● What you are asked to do:
The reply should hold every record, copied exactly, and none of the pictures.

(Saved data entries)
*** Block opens ***

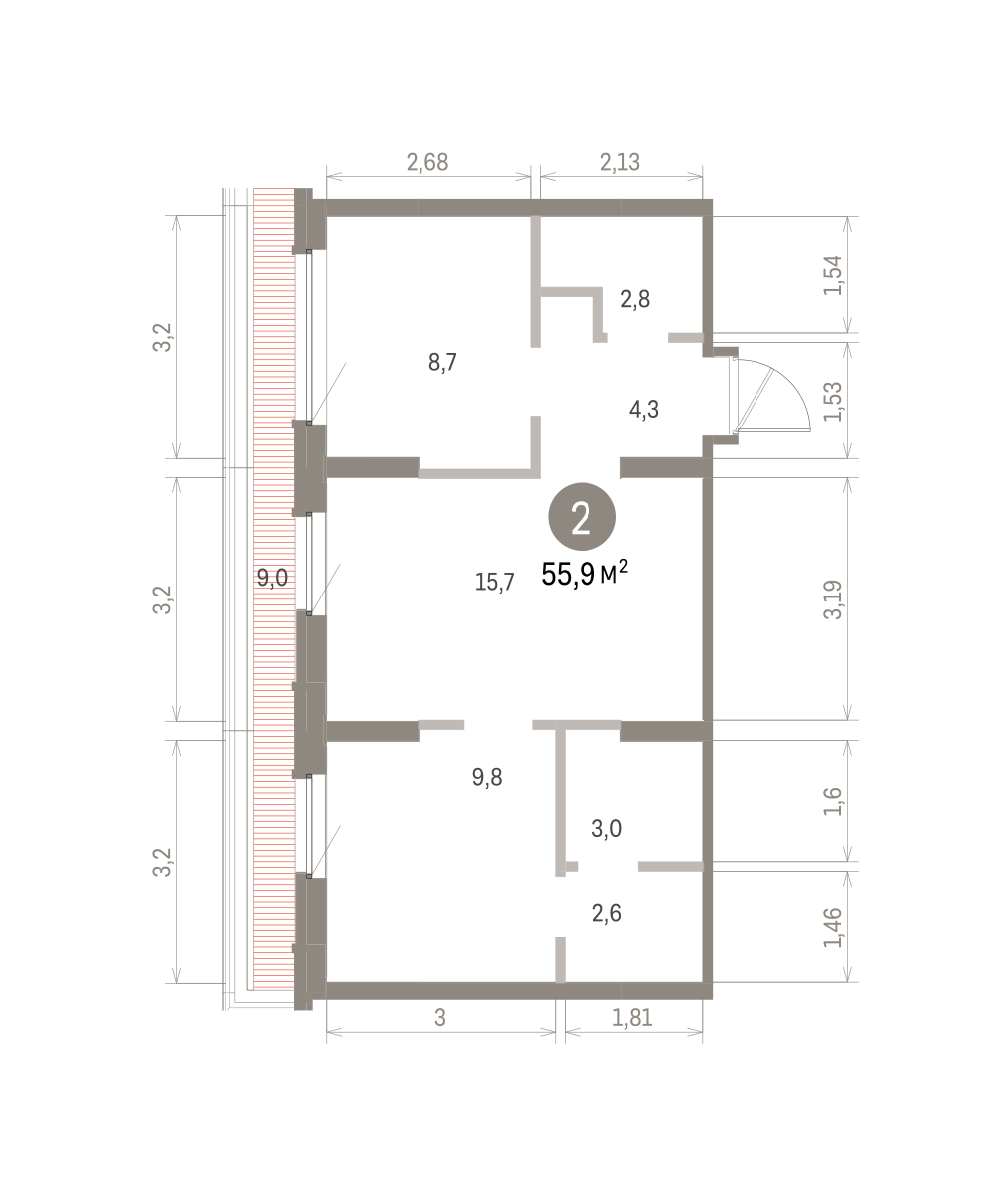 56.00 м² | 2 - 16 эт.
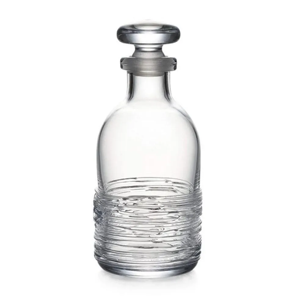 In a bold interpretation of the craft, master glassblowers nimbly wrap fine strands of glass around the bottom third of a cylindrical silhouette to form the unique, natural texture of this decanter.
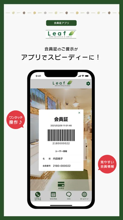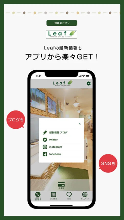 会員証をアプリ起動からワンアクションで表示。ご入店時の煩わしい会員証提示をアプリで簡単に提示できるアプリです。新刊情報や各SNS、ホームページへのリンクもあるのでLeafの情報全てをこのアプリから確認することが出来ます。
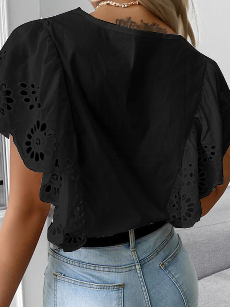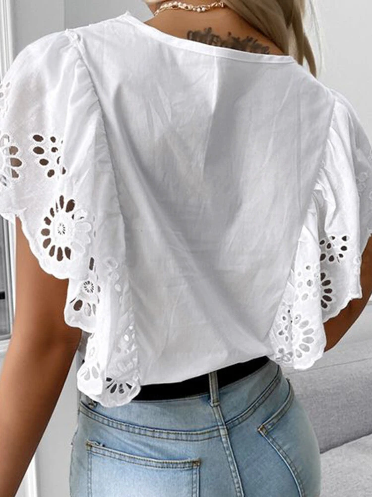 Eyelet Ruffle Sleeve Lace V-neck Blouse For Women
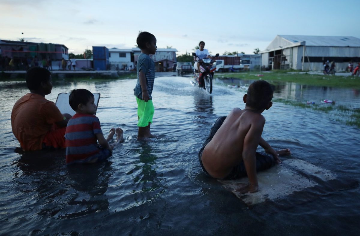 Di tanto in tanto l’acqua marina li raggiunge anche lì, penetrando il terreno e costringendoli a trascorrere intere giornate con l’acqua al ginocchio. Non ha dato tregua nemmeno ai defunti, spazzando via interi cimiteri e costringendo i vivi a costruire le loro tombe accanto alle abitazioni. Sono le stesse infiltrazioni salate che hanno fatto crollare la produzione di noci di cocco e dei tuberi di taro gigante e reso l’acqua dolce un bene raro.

*** Block closes ***

● Reply:
 56.00 м² | 2 - 16 эт.
 In a bold interpretation of the craft, master glassblowers nimbly wrap fine strands of glass around the bottom third of a cylindrical silhouette to form the unique, natural texture of this decanter.
 会員証をアプリ起動からワンアクションで表示。ご入店時の煩わしい会員証提示をアプリで簡単に提示できるアプリです。新刊情報や各SNS、ホームページへのリンクもあるのでLeafの情報全てをこのアプリから確認することが出来ます。
 Eyelet Ruffle Sleeve Lace V-neck Blouse For Women
 Di tanto in tanto l’acqua marina li raggiunge anche lì, penetrando il terreno e costringendoli a trascorrere intere giornate con l’acqua al ginocchio. Non ha dato tregua nemmeno ai defunti, spazzando via interi cimiteri e costringendo i vivi a costruire le loro tombe accanto alle abitazioni. Sono le stesse infiltrazioni salate che hanno fatto crollare la produzione di noci di cocco e dei tuberi di taro gigante e reso l’acqua dolce un bene raro.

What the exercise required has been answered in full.